Çoklu ilişkiler üzerine kurulu hiyerarşik olmayan bir ağ içinde aktörlük sadece insanlara özgü değildir. Organik ya da inorganik tüm tekillikler içlerinde bir hareket etme kudreti barındırır ve de sanat yapıtı bu kudretin kuvveden fiile çıkmasıdır. Aklın mutlak yasasının hükümranlığı altında potansiyeli bastırılan şeyleşmiş varlıklar sanatın yasayı ilga etmesiyle beraber hareket etme ve ettirme yetilerini tekrardan kazanabilecekleri bir aralık bulurlar. Bakan-bakılan, aktif-pasif gibi dikey ikilikler üzerine kurulu yerleşik yasal düzeneğinin yerini karşılıklı olarak etkileşen ve bilinçlerini bu çoğul ilişkilerde bulan aktörler alır. Sanat yapıtı şeylerin de aktör olduklarının hatırlanmasıdır. Bundan mütevellit aktörler, karşılaşmalar ve yasalar sınırsızdır. Her karşılaşma kendi yasasını üretir.

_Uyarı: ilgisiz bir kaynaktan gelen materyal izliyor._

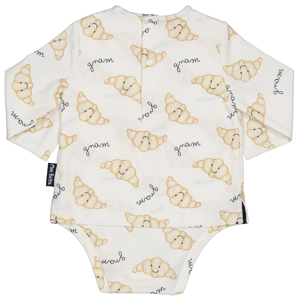 BODY IN JERSEY DI COTONE 100% PER IL MASSIMO COMFORT SULLA PELLE. FANTASIA CROISSANT. APERTURA SUL DIETRO CON BOTTONCINI AUTOMATICI. BOTTONI EFFETTO LEGNO FIGUARTIVI SUL DAVANTI ED APERTURA ENTROGAMBA CON BOTTONI A PRESSIONE. ETICHETTA BANDIERINA PER
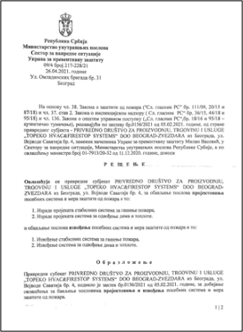 Topeko HVAC&Firestop Systems doo je rešenjem MUP- a RS broj 217-228/21 ovlašćen za projektovanje i izvođenje posebnih sistema i mera zaštite od požara (stabilnih sistema za gašenje požara) i sistema za odvođenje dima i toplote, po važećoj zakonskoj regulativi Republike Srbije.
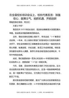 在全县校长培训会议上,校长代表发言:加强信心,鼓舞士气,抢抓机遇,开拓创新.doc
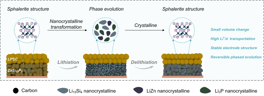 针对上述关键挑战,西安交通大学宋江选教授团队提出了一种具有可逆纳米晶相转变特性的低成本、高导电、高稳定性ZnSi12P3新型硅基负极材料。该材料在锂化过程中经电化学驱动可原位转化为Li15Si4、LiZn和Li3P纳米晶相,脱锂后可逆转变回原始的ZnSi12P3结构,从而有效缓解体积膨胀带来的应力并保持电极结构稳定性。该负极材料展现出高达2669 mAh/g的可逆比容量,并在与高镍三元正极匹配后,于3C高倍率条件下实现了超过3000次稳定循环。相关研究成果以《硅基负极中可逆的纳米晶相转变促进了全固态电池的稳定运行》(Reversible Nano Crystalline-Phase Transformation in Si-based Anode Enables Stable All-Solid-State Batteries)为题,发表于国际权威期刊《纳米快报》(Nano Letters)。西安交通大学材料学院博士生沈雪峰和硕士生王以和为本文共同第一作者。

Çocukluk, romantik bir hayal olarak, her zaman da despot bir yasanın pençesine düşmüş mutsuz bireyler tarafından kurulur. Yetişkin elini kolunu nereye uzatması gerektiğini bilen kimse olmasa da yasa arzuyu dağılmaktan korusa da sanat mümkün olan tek yasanın yukarıdan bir yerlerden buyuran aklın yasası olmadığının kanıtıdır. Bu buyurgan despottan kurtulmak için de çocukluğa dönmektense sanata şans vermek evla. Özgürlük ilişkilerin açtığı aralıkta belirir, sanat ise ilişkinin en yalın hallerinden biridir.